EXERCISE BRIEF —
Everything in the data below is left aside except the lines from the one containing "1、打開中國藍新聞APP,點擊右下角我的,進入個人頁面。" through the one containing "des AS | ||"; repeat those exactly.

── INPUT FOR THIS TASK ──

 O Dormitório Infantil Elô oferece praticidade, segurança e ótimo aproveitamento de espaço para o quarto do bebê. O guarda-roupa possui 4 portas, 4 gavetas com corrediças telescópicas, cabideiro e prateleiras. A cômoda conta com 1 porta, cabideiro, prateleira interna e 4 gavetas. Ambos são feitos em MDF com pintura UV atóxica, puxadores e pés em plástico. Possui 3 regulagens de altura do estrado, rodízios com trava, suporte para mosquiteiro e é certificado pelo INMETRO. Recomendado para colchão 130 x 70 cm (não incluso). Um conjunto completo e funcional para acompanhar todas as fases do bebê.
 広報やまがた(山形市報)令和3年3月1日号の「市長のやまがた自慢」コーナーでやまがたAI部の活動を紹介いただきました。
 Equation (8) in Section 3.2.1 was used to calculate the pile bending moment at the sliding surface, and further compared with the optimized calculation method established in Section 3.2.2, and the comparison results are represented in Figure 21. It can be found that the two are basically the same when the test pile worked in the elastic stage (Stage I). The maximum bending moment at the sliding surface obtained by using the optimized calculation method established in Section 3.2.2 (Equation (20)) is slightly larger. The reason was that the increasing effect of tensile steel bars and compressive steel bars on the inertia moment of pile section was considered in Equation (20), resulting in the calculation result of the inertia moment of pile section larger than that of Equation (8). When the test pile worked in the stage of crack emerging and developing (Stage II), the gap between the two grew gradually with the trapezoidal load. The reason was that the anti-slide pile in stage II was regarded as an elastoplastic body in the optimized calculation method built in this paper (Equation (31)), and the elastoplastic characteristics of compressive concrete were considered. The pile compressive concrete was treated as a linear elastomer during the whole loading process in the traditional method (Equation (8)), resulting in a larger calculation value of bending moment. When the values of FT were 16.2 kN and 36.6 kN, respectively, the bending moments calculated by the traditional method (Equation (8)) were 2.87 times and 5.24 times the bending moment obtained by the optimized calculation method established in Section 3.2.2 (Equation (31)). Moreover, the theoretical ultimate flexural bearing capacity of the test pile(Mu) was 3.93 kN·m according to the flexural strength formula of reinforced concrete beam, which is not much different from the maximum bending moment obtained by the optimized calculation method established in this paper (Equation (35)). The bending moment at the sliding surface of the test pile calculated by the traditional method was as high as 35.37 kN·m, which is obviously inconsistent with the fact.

───
── INPUT FOR THIS TASK ──

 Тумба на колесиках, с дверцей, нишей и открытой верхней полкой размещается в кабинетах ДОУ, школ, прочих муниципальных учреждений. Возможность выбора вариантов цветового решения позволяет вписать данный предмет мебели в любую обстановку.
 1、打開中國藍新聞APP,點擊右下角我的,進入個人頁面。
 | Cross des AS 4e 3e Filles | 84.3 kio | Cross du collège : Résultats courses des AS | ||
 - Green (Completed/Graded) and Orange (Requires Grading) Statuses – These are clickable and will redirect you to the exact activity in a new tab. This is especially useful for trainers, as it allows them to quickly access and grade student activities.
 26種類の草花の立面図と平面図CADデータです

───

SOLUTION FOR THIS PROBLEM —
 1、打開中國藍新聞APP,點擊右下角我的,進入個人頁面。
 | Cross des AS 4e 3e Filles | 84.3 kio | Cross du collège : Résultats courses des AS | ||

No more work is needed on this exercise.